Local councils could introduce a range of measures to speed up the reduction of carbon emissions, a report says.
The government is striving to cut CO2 by 26% by 2020
The study suggests the schemes would achieve the government's goal of 60% less carbon dioxide output 25 years earlier than its 2050 target.
The New Local Government Network report suggests rewards and penalties for councils based on how they perform. Proposals in the report include more congestion charging and converting landfill waste into electricity.
The government's draft climate change bill sets out plans to reduce carbon emissions by a minimum of 60%, from the 1990 base level, by 2050 - and sets an interim target of "at least 26% but not more than 32%" by 2020.
Scientists say carbon emissions, from fossil fuel-powered cars, factories and homes, are linked to global warming.
The report claims 320 million tonnes of CO2 emissions could be saved by 2025 if local authorities introduced a number of measures to reduce their area's carbon footprint.

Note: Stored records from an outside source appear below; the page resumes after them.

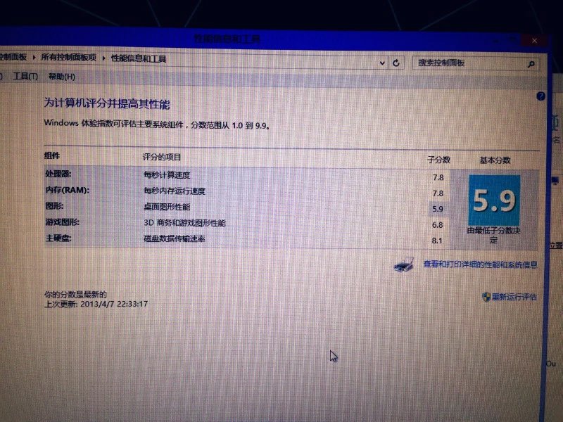 = =最低分5.9是集成显卡的跑分(话说集显都可以跑5.9啊。。好高兴啊。。),这个无视吧。。独立显卡居然才6.8分,太恶心了。 不是说这块gt650不是号称无阉割的开普勒架构么。怎么才6.8,我还以为会7.2以上。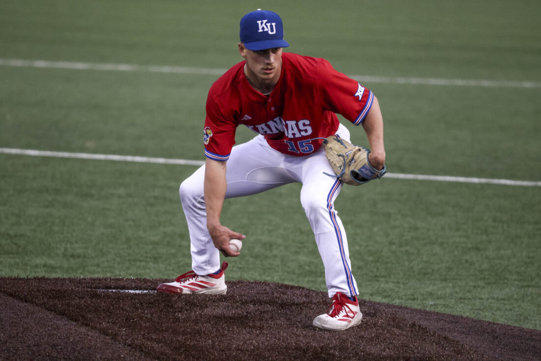 Kansas pitcher Boede Rahe looks to start his windup during game two of the Jayhawks’ doubleheader against UCF on Saturday, April 11, 2026, at Hoglund Ballpark in Lawrence.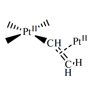 Интермедиат реакции – комплекс Ptᴵᴵ(η²-(H₂C=CH–Ptᴵᵛ–CH₃)). ¹H (δ, м. д.; J, Гц) ацетон-d₆: 6.05 (дд,  ³JHH =13.1; ²JHᵈHᶜ = 1; ³JPtᴵᵛH = 50, JPtᴵᴵH = 72, 1H, Hᵈ), 5.92 (дд, ³JHH = 13.1, ³JHᵇHᶜ = 6.7; 1H, Hᵇ), 5.32 (дд, ³JHHᵇ =6.7, ²JHH = 1; ³JPtᴵᵛH = 82.7, JPtᴵᴵH =76, 1H, Hᶜ), 3.11 (с; JPtᴵᵛH = 82.1, 3H, Hᵃ). ¹⁹⁵Pt{H} (δ, м. д.) ацетон-d₆: –3977 (Ptᴵᵛ), –4391 (Ptᴵᴵ).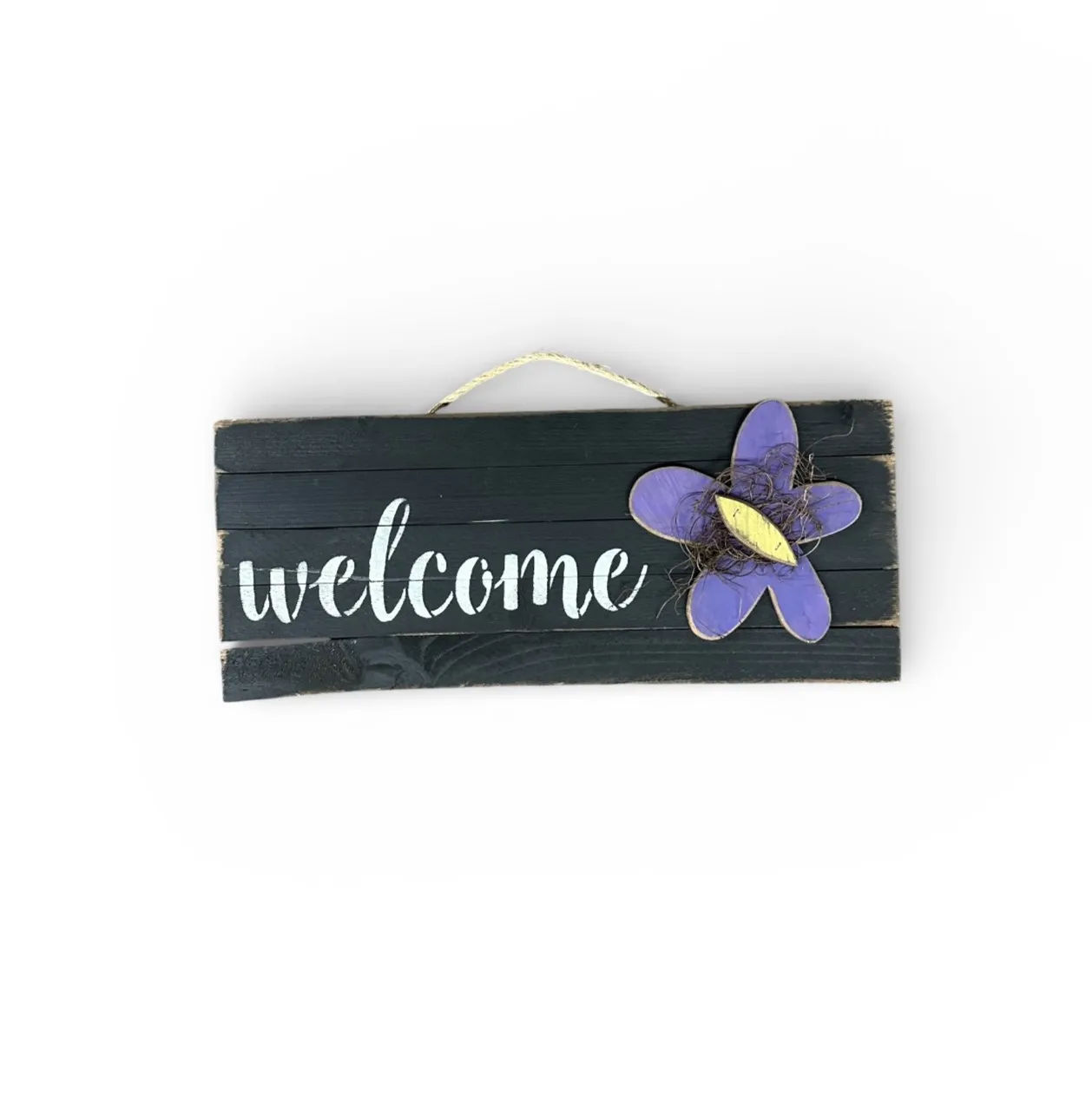 Dark Painted Rustic "Welcome" Sign with Blue Flower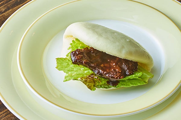 「山形県産牛肉の甜麺醤炒め 蒸しパン挟み」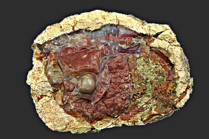 entwickelten sich dann Lagen von von Calcedon (gerade ,rund u.u.u.) unterschiedliche Mineralien in gelöster Form waren für die Bildung der Farben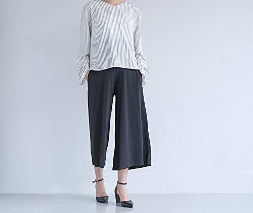 スラリとしたシルエットの楽々ワイドパンツのご紹介です♪ 丈は9分丈で足首が見えるくらいです。 脚をほっそり見せてくれる丈なのでスタイルアップにも! どんなトップスにも合わせやすくて、コーディネートに困ることもありませんね☆ 裾に向かって広がっていくタイプなのでロングスカートっぽいシルエットになります♪ サイズ:フリー カラー:グリーン、ベージュ、ブラック、チャコール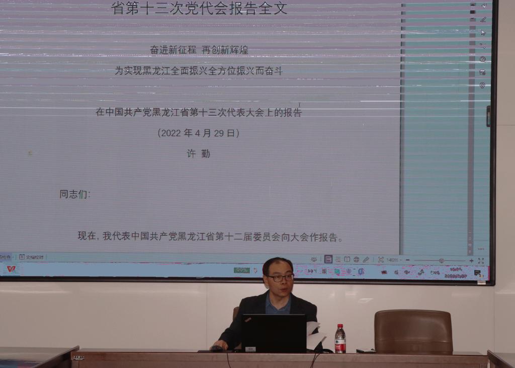 为深入学习领会黑龙江省第十三次党代会精神,扎实推进宣传贯彻工作,2022年5月27日,tyc234cc 太阳成集团党委组织召开党委理论学习中心组会议,重点学习省第十三次党代会精神。会议由党委书记李平同志主持,全体领导班子成员参加会议。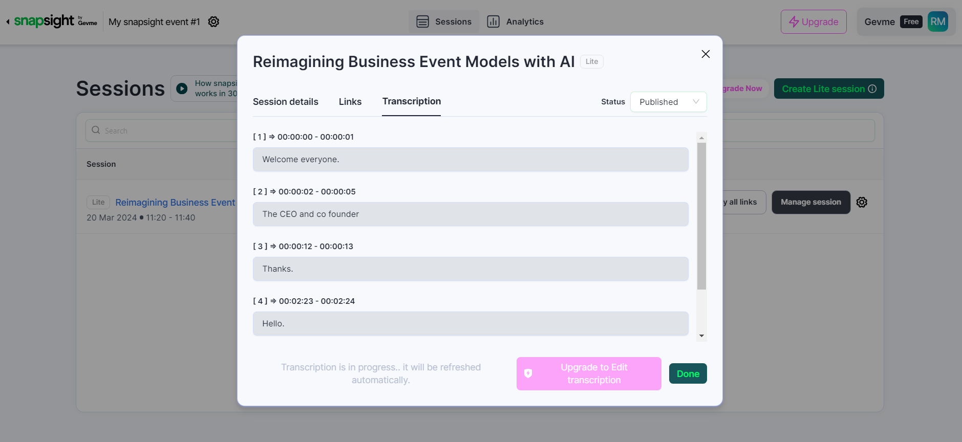 - Currently Snapsight doesn’t allow deleting the transcription.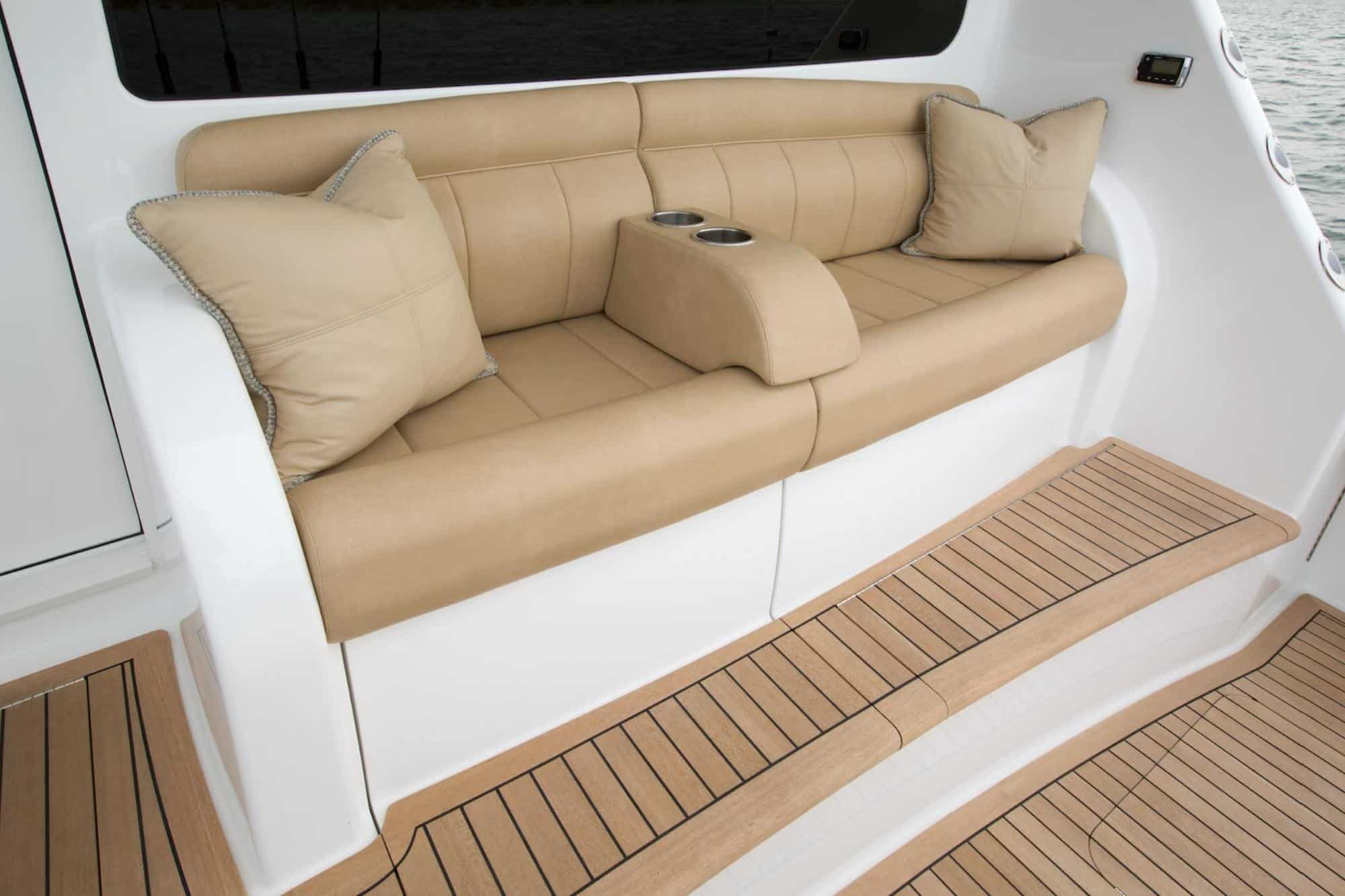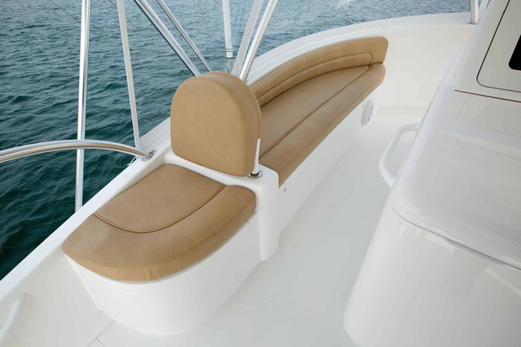 - Port and stbd side bench seating with vinyl cushions and storage underneath

These range from offering interest-free loans for people to invest in microgeneration technology, such as wind turbines and solar-powered heating panels, to allocating each resident a "carbon credit" to monitor and limit household CO2 emissions.
The report, supported by the international consultancy Serco and Kirklees Council, advocates a carbon trading framework between local authorities, which would reward those who reduce their emissions and penalise those who do not.
New Local Government Network (NLGN) director Chris Leslie said the performance grant scheme would be a "powerful driver" in reducing carbon emissions at the local level.
He said: "If government ministers chose today to give new financial incentives and penalties to each town or city depending on their carbon-saving performance, then the UK's climate change obligations could be met faster and with more."
The idea is based on a study of eight local authorities who participated in a carbon trading role play to reduce CO2 emissions in their locality.
In the study, council officers were obliged to introduce a number of green policies over a five-year period, with all authorities achieving a reduction in emissions.
The report's author James MacGregor added that tackling climate change at the local level can be a vote winner for political parties.
"Long-term actions tended to grow in popularity over time as the benefits were realised," he said.
"This suggests that strong and bold political leadership is key to realising local government's potential to tacking climate change."